I treat myself to reading your blog in my car....right in the driveway...after work each day. You inspire me & I thank you.
Karen & Adam (18 months)
Isn't it crazy how you can sometimes understand your child so completely, even without words? I am still waiting for the words but Ella and I communicate well even without them. I know it's kind of early yet for her to speak all that much, and I have the faith.
I was without internet for a month and I am so excited to go back and read everything you've written. Your writing, it is so lush, so full, so satisying.
Yay for you, and yay for Archer.
Best,
Kate B.
slut,
i told you he'd start talking to you as soon as you became interesting. you never listen to me.
miss you.
Hearing your own child say "I love you" for the first time is the best feeling ever, ever, ever in the history of the universe. But you already know that :)
Aw Bec I could not be happier for you. Happy and relieved and just awed with how beautifully you can capture this in the face of such crushing emotion.
May that little guy of yours continue to surprise and delight you all of his years.
What a perfect analogy. I stopped waiting for the train too.
And now - I think it's here.
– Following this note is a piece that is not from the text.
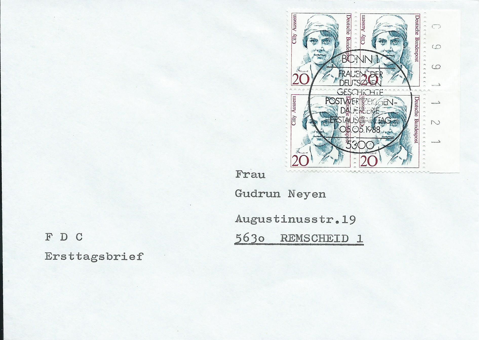 Nach den ganzen unvollständigen Bogenzählern nun mal eine komplette Bogenzählnummer: Ein 4-er-Block der Marke zu 20 Pf vom rechten Seitenrand und 6-stelliger Bogenzählnummer mit vorangestelltem Buchstaben auf einem Ersttagsbrief mit Ersttagssonderstempel Bonn vom 5.5.88:
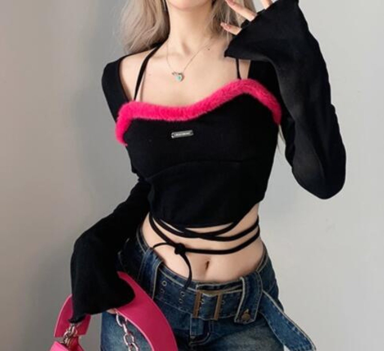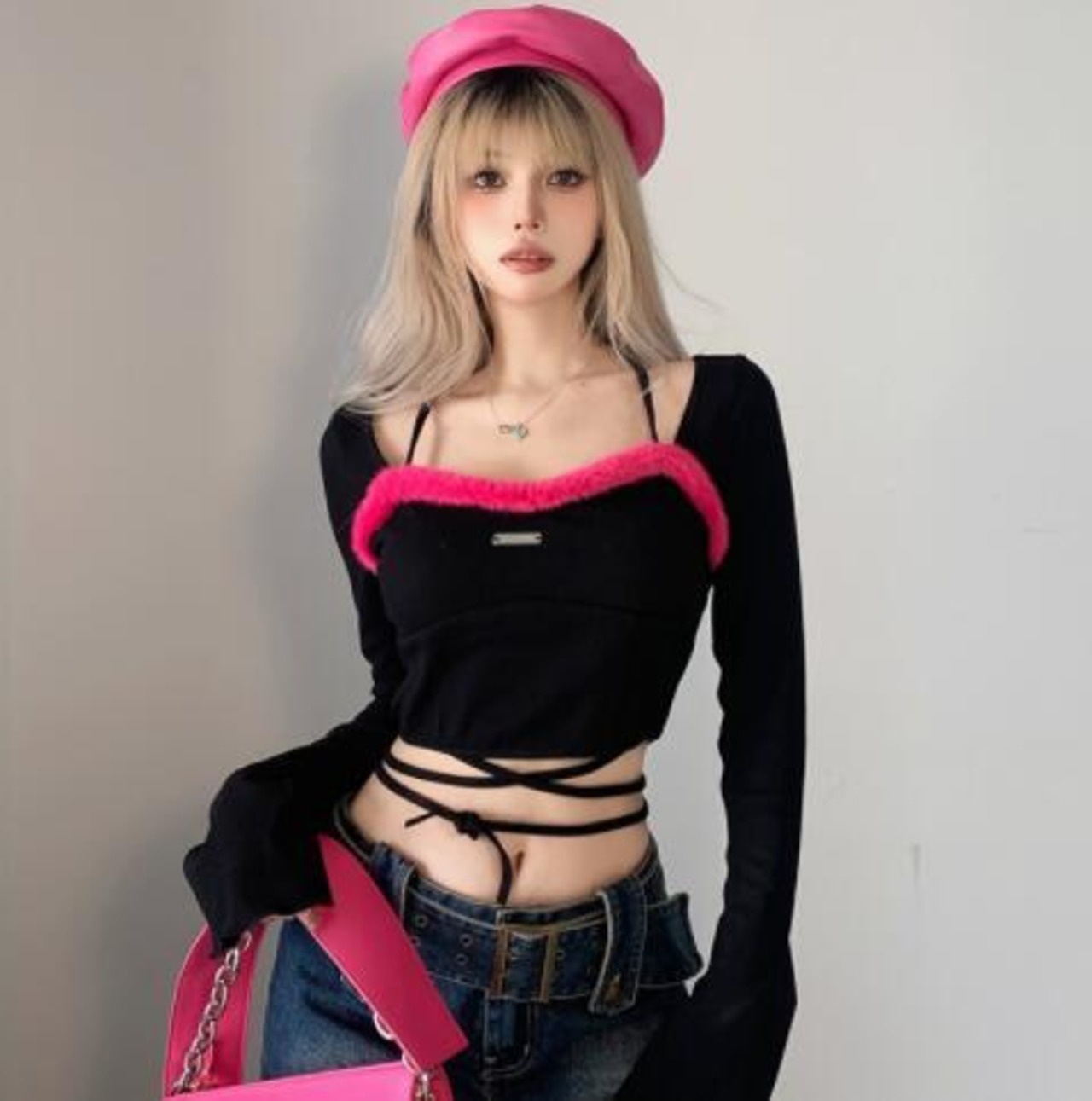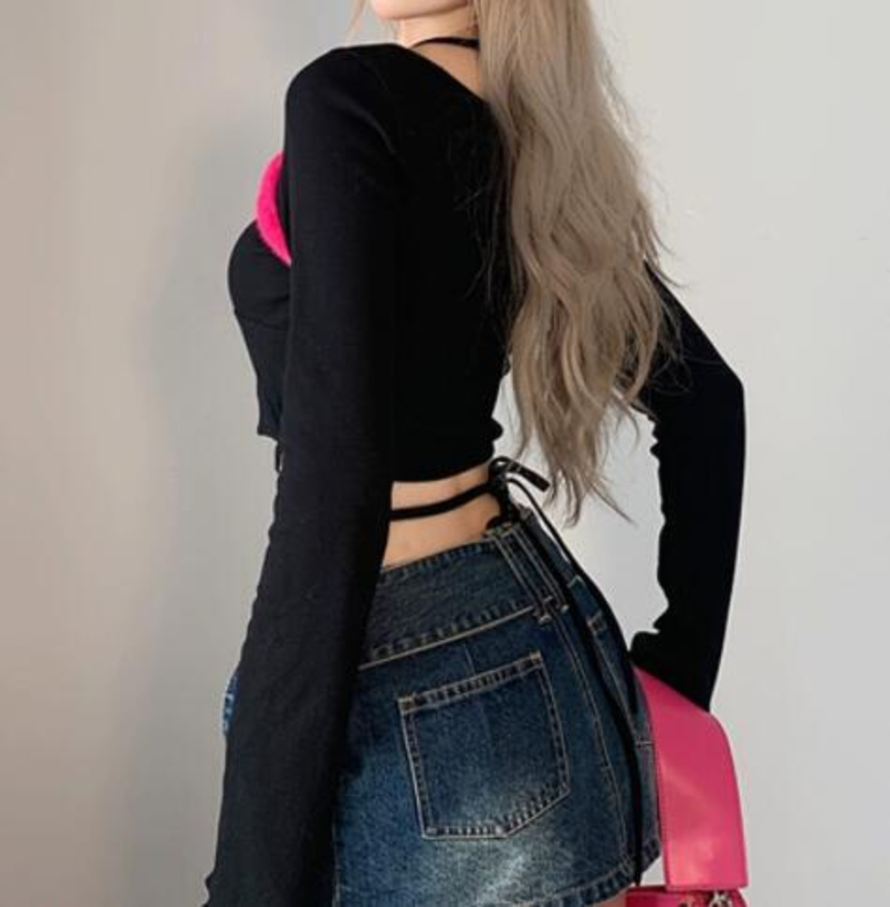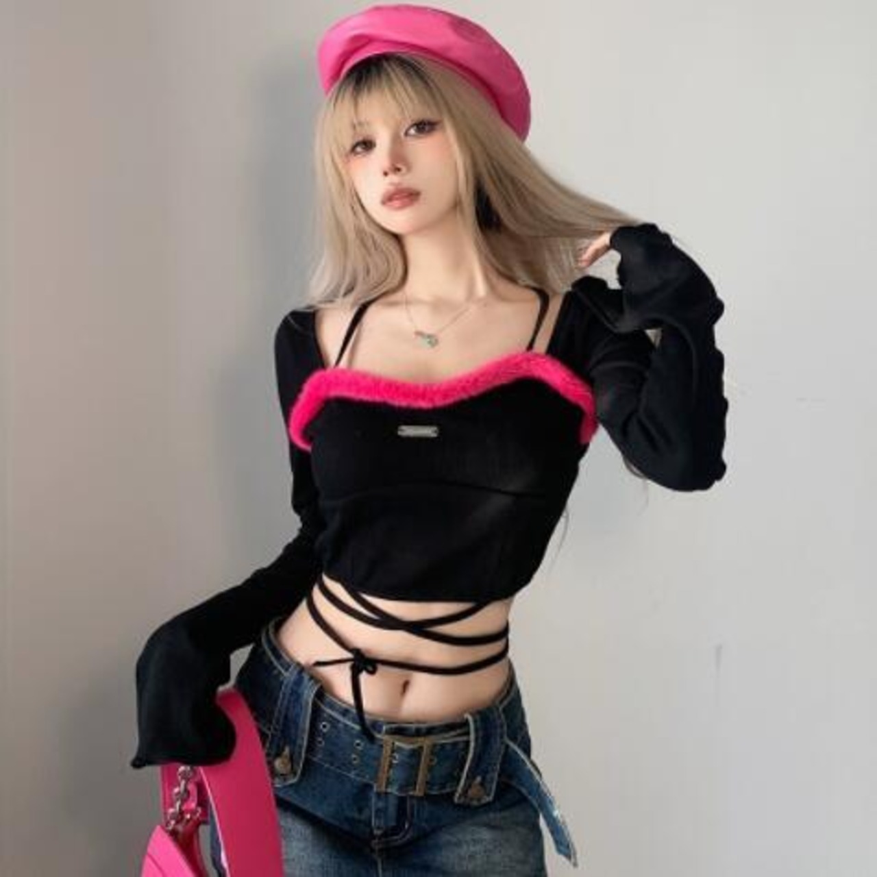 トップス Tシャツ スリム ダンス衣装 ベアトップ ショート丈

I think we're on it. I can't be sure. But we're still having fun, which is the part I really cared about all along anyway.
(I'm impressed that Archer calls himself "Archer". I can't get CJ to say CJ or Catherine - she always calls herself Mousie.)
Congrats, my dear.
Big cheer for Archer! I hear so much about this or that child being "on the spectrum." What does that mean, exactly? I can tell Archer is very bright from his photographs; he looks like he's taking everything in.
My nephew is four and his speech was delayed. He had to have his adenoids removed and he needed exercises for a combination of a high palate and weak tongue muscles. He's fine now but he used to have very few words and what he did say sounded garbled. His parents kept taking him to specialists until they found the answer.